There was a data breach at Dominican University this weekend. Dominican University is located in Chicago and the data breach here affected over 5,000 current students and alumni from 2003, 2005, and 2007. First reported (to me anyway), here, it appears the problem was due to the misuse of access granted to part-time work-study students who were able to access Excel spreadsheets from previous years. What’s sad to me is that the university took no real action despite the problem being their own fault. They simply “encouraged affected individuals to place fraud alerts on their accounts”. I bet they wish they had Lifelock. Anyway, I think it’s pretty despicable that Dominican takes no real accountability for their error–most companies at least provide some sort of identity protection service for a year following a significant problem like this.

Dominican issued this statement:

“Dominican University takes information security very seriously. In April, we discovered that two student workers had accessed Excel files containing limited student data by misusing passwords related to their work-study employment. We notified all affected parties in writing, set up a toll-free hotline, and have worked closely with both the local police and states attorney’s offices.

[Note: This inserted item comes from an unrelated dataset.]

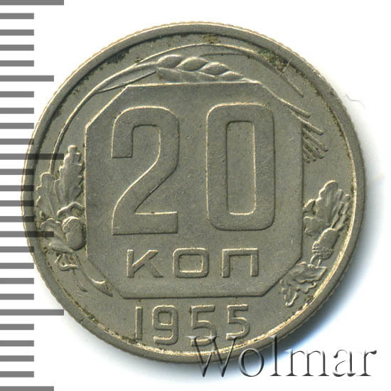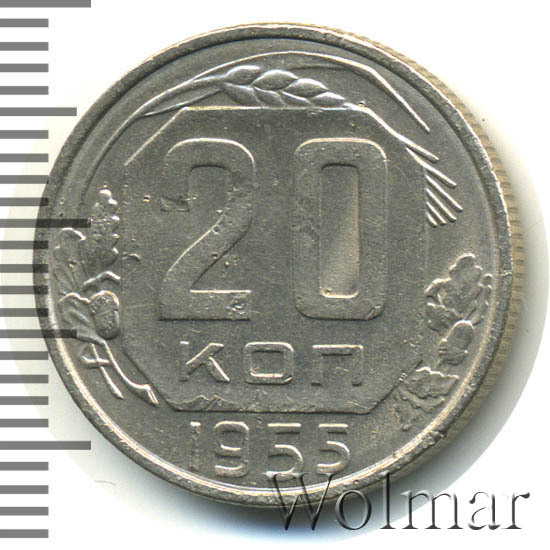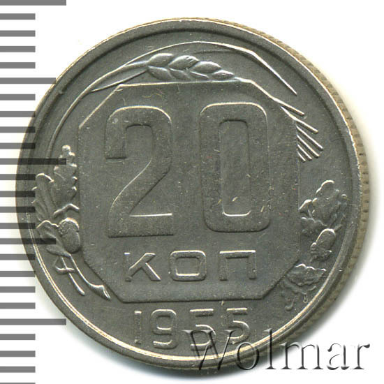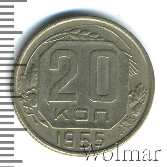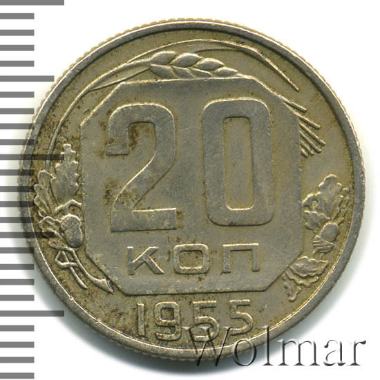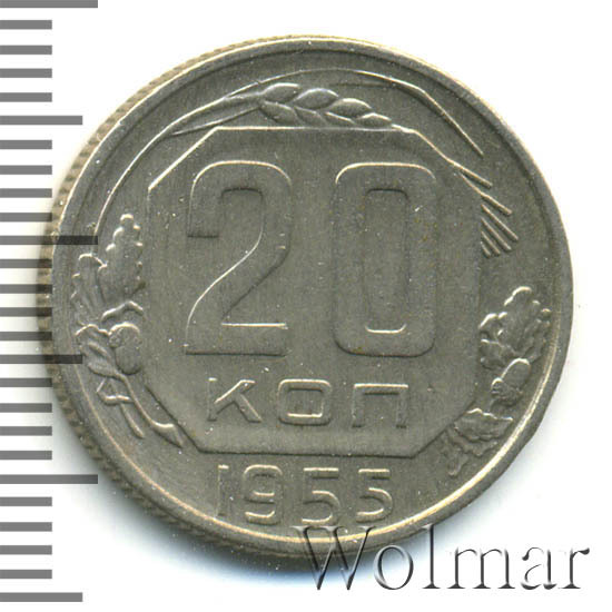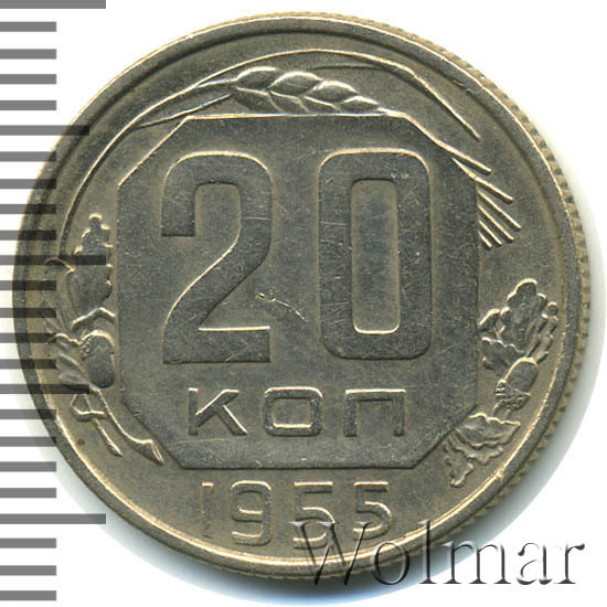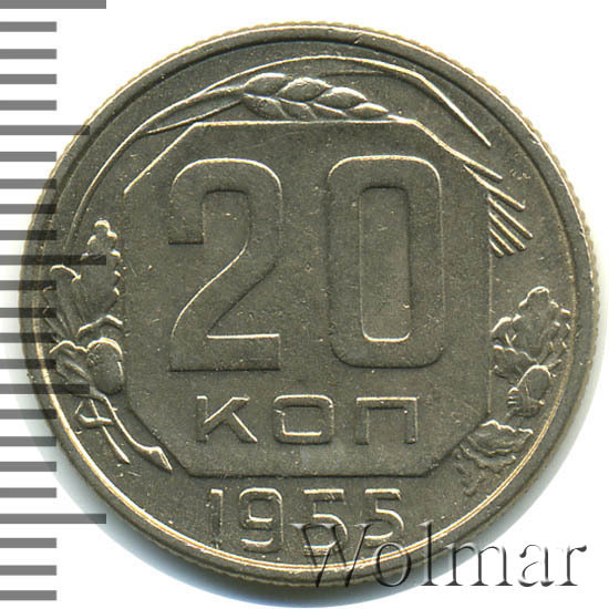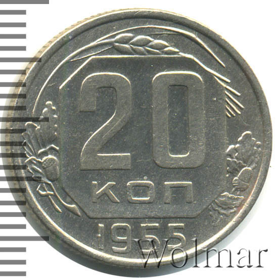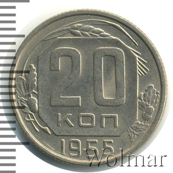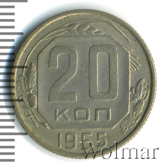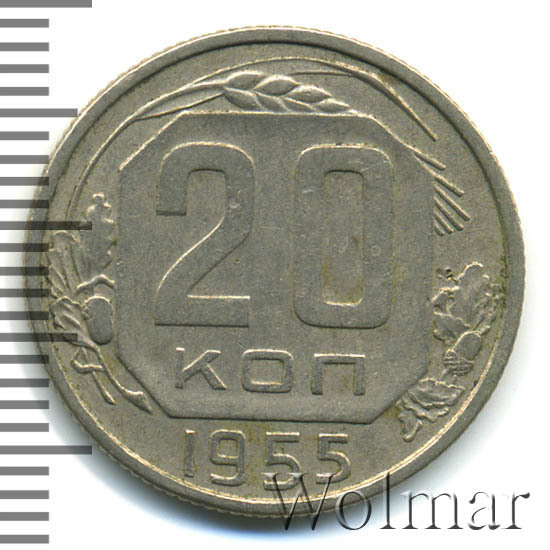 - Монета 20 копеек 1955 года. Цена рядового и раритетного экземпляра

The students went through a full university judicial process, were suspended temporarily and have been barred from future campus employment, among other sanctions. The university is conducting a complete security audit and internal review.

At this time we have no reason to believe that any information has been misused, but retain the right to prosecute as necessary.”

Hello! DO something. Yeah, it’s great that you’re notifying the affected individuals and their families but shouldn’t you actually do something other than suspend the students? What I really would like to know is how malicious the intent was to use this data. Did they just have access to it? Were they trying to use it? Did they just find it because they were seeing what all their passwords would let them into? Those would be the questions I would want answered if I were one of the affected individuals.